Network Authentication

Now we consider authentication in the network point of view.

When we are building a network based system. We will have some building blocks that will be used over and over again. There are three that we will talk about:

1) Cryptographic hash functions

An example of this is SHA1, which takes a message and outputs a 160-bit number, which is a hash number. Knowing the 160-bit number doesn't help you computer the message feasibly. However, SHA1 has design flaws, which is why SHA2 is introduced.

2) Symmetric Encryption

An example is the Triple-DES (Data Encryption Standard), where we encrypt stuff threeways.

The sender and receiver share a secret key K. Given a message M, and a key K, it is easy to get the encrypted version of the message {M}^K. If given {M}^K, and the key K, it is also easy to get the message M. However, if we only have {M}^K, it should be very hard to get M or K.

Symmetric Encryption tends to be relatively fast. However, it suffers from the bootstrapping problems of getting the key into both the sender and receiver.

3) Asymmetric Encryption

An examples is RSA which is relatively slow, but with asymmetric encryption.

Here the sender and receiver don't have the same key. There is a public key P and private key K. Suppose we have a message M, and the public key P, it is easy to compute {M}^P. Suppose we have {M}^P, and the private key K, it is easy to compute M. We also assume that if we have {M}^P and P, M and K are very hard to compute.
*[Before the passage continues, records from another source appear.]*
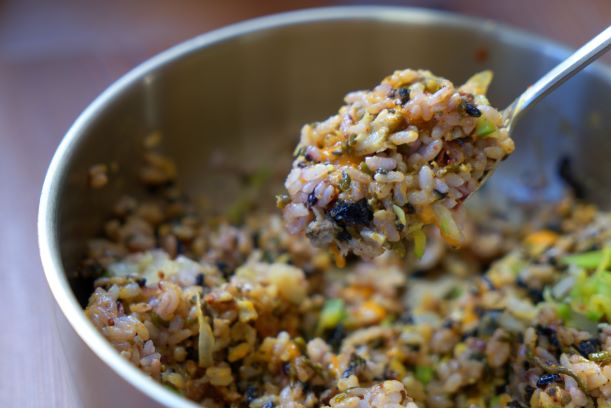 또한, 통영은 해조류가 풍부한 지역적 특성 덕분에 생미역과 톳나물이 비빔밥의 주재료로 쓰이며, 콩나물, 시금치, 부추, 가지, 애호박 등 계절에 따라 다양한 나물을 무치거나 볶아 색상에 맞춰 담아냅니다. 고추장 대신 국간장과 소금으로 간을 맞춰, 해산물과 나물 본연의 맛을 살리는 것이 특징입니다.
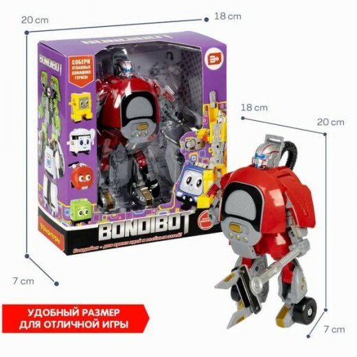 Извлеките фигурку робота из упаковки и, не прикладывая значительных усилий, сложите ее так, чтобы получился пылесос, а затем восстановите робота. Модель изготовлена из безопасного пластика, качество которого обеспечивает ее долговременное использование. В комплект входит фигура робота красного цвета в коробке. Источники питания для игры не требуются. Такой робот трансформер подойдет и мальчикам, и девочкам, ведь конструкция игрушки позволяет использовать ее в самых разнообразных сюжетно-ролевых играх.
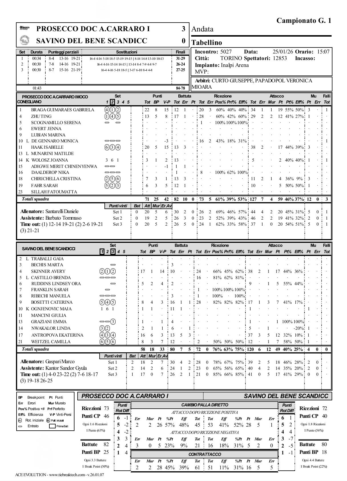 迈过冠军坎,科内3-0斯坎迪奇夺得意大利杯 2026年意大利杯女排决赛,科内利亚诺3-0战胜斯坎迪奇夺得意大利杯,这是科内利亚诺连续第七次捧杯,也是连丢超级杯和世俱杯后的本赛季首冠。虽然3-0战胜对手,但过程并不轻松,每局都打到25分以上(31-29, 26-24, 27-25),可以说,科内终于在本次杯赛中迈过了这个赛季的冠军坎,意义非凡。朱婷在本场比赛中,多次在关键时刻发挥作用,每一个胶着的局末,或防守或重扣,为科内艰难取胜立下奇攻。 科内利亚诺: 加比34扣19中1失1被拦、3拦0发22分 哈克38扣17中2失0被拦、3拦0发20分 朱婷29扣12中2失2被拦、1拦0发13分 奇里切拉11扣4中2失1被拦、3拦0发7分 法尔10扣5中0失0被拦、1拦0发6分 沃沃什5扣2中0失0被拦、1拦0发3分 斯坎迪奇: 斯金纳38扣17中2失1被拦、0拦0发17分 安特罗波娃37扣12中3失5被拦、1拦3发16分 韦策尔12扣7中0失1被拦、1拦0发8分 波塞蒂17扣7中1失3被拦、0拦1发8分 鲁丁斯9扣5中0失1被拦、0拦0发5分 恩瓦卡洛5扣0中0失1被拦、1拦1发2分 奥格涅诺维奇1扣0中0失0被拦、1拦0发1分 格拉齐亚尼1扣1中0失0被拦、0拦0发1分 科内利亚诺-斯坎迪奇: 扣球得分:59-49 拦网得分:12-4 发球得分:0-5 对方送分:13-20 总得分:84-78 一传到位率:61%-76% 一传完美率:39%-63% 科内朱婷
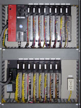 左の写真が改造前、右の写真が改造後です。写真を見ると更新の容易さ、更新時間の短縮が図られていることが解っていただけると思います。改造後の上段IOユニットの右にあるのは
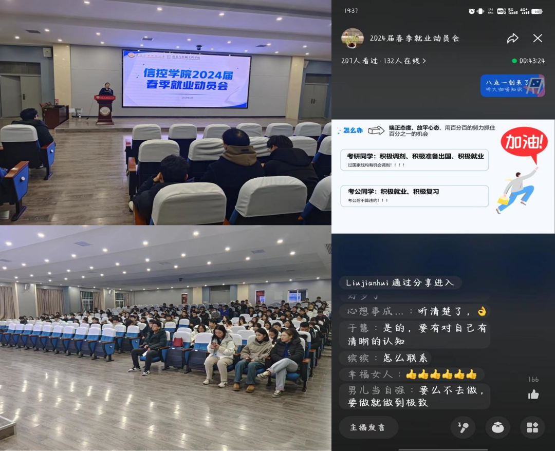 为做好2024届毕业生的就业指导服务工作,引导毕业生树立正确的就业观念,进一步提高我们毕业生就业率和深造率。2月29日晚,Ray竞技官网于学府城6栋301召开毕业生就业动员会。大会特邀请新东方前途出国李晓琛和2021级研究生王志富。2020级本科生辅导员赵莎、李朝,全体2024届本科毕业生参加此次大会,会议面向学生家长全程直播。
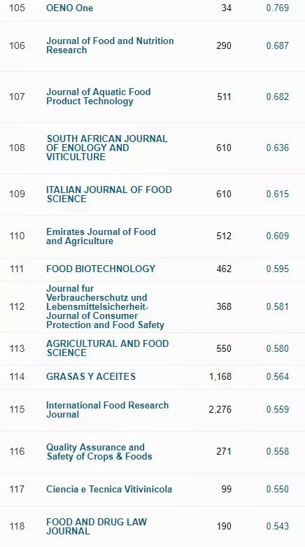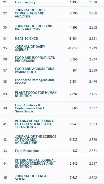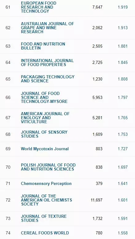其中,食品科技类期刊2017年SCI影响因子排名如下:
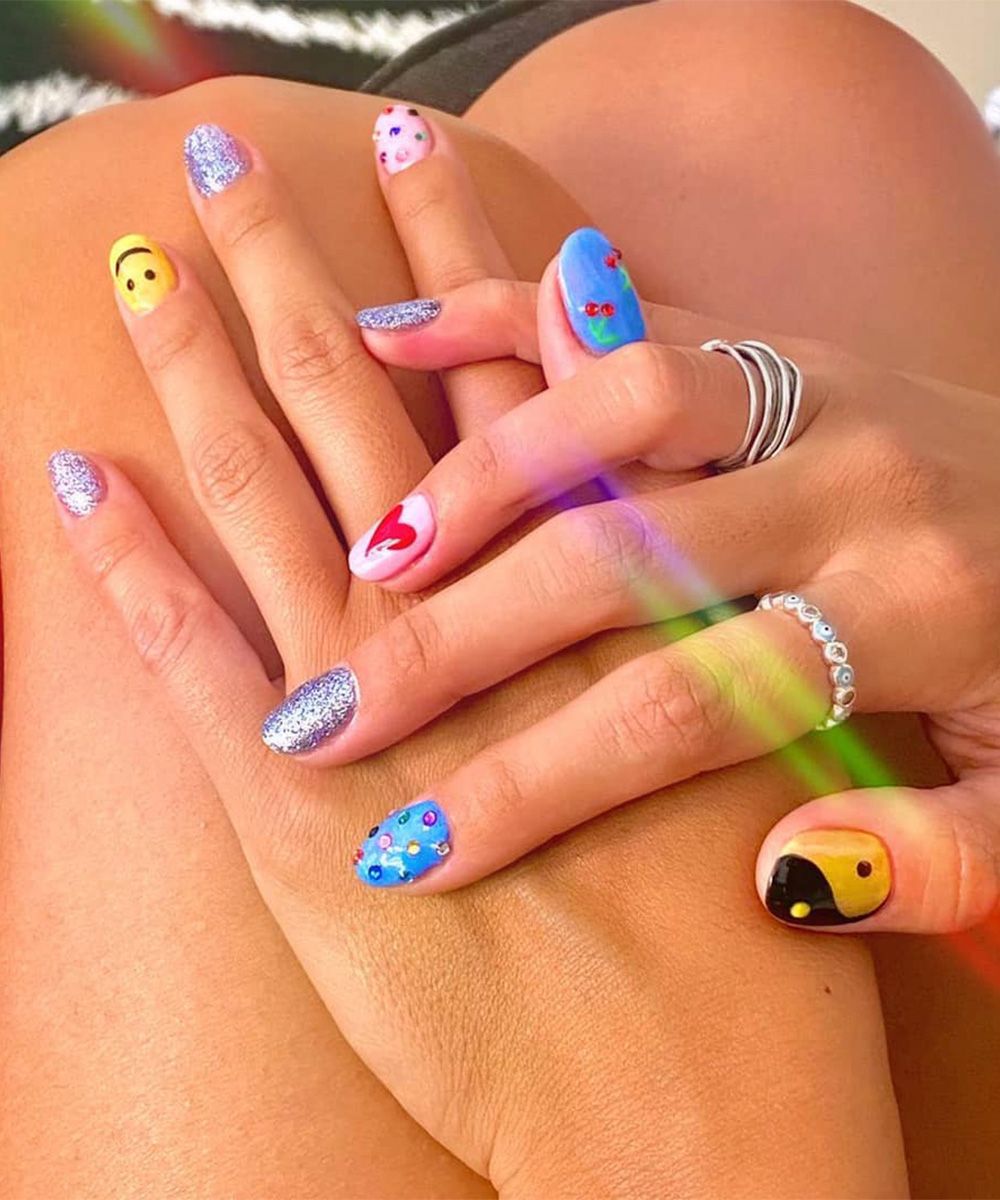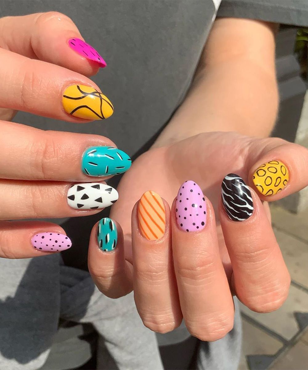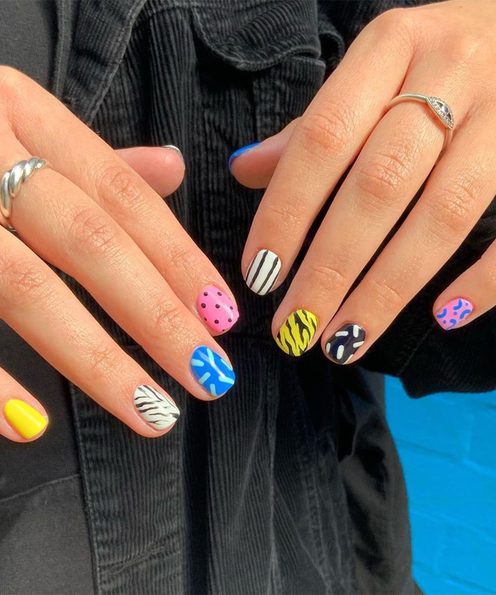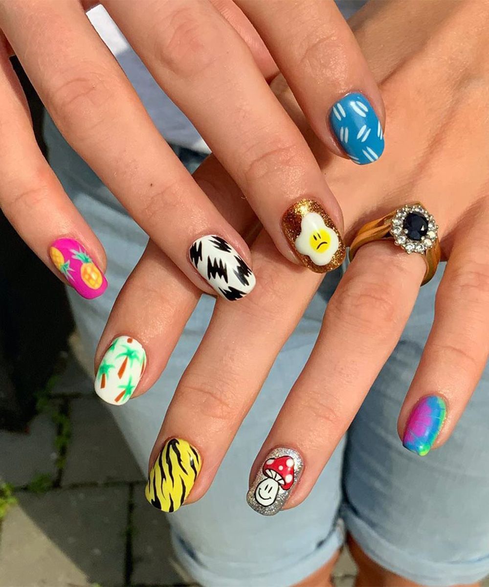Probably the most popular nail art on our Instagram feeds during the summer and still very present on the profiles of nail artists and beauty addicts: the best way to express yourself 100%, nail after nail, is to choose a mix of patterns, decorations, designs and themes for each nail, for a super fun and colorful result.

Guessing K from P should also be hard.

Since making these functions is another topic of its own, we will just assume we have these functions available.

Some examples:

Say we have sender Alice, and recipient Bob,

A sends to B: {I am Alice}^K, where K is a private key known only to A and B.

When B receives the message, he is confident that A is Alice because they are the only people knowing K, so B sends a reply to A: {OK.}^K

Suppose later B gets another message from the same IP address A later, there is no guarantee that the message is not spoofed (since the sender fills in the return address and port in the packets ourselves). So now, we have to complicate the protocol.

An idea to solve this is a nonce - Random integer: e.g.
A sends to B: {I am Alice}^K
B sends to A: {nonce}^K
A sends to B: {nonce+1 Transfer money to bank account 1234}^K, here, in order to decrypt nonce, you will need K. Therefore the test of the message must have been from Alice.

Bob will later arrange nonce to time out to avoid replication of packets.

A standard way to do this is the HMAC (Hashed message authentication code). In HMAC, we assume a shared key K. We compute nonce with the following:

SHA1(K xor pad1) o SHA1(K xor pad2) o message ("o" = concatenate)

where the pads are numbers specified.

When we send the message we send M o HMAC(K,M). HMAC is hard to reproduce, since you will need to know K. The problem with this is the two parties need to have a shared secret keys.

What if shared secrets are hard to maintain?

A solution is, we could start with the public key system as follows:

the recipient publishes P. (a slow process)
sender creates a nonce K, encryptes it with P, sends it to the recipient
the recipient decrypts it with his private key, and the two parties negotiate a private key K'.
use K' for the rest of the session (HMAC(K',M)). Note that this is used in SSH, but K' is refreshed periodically.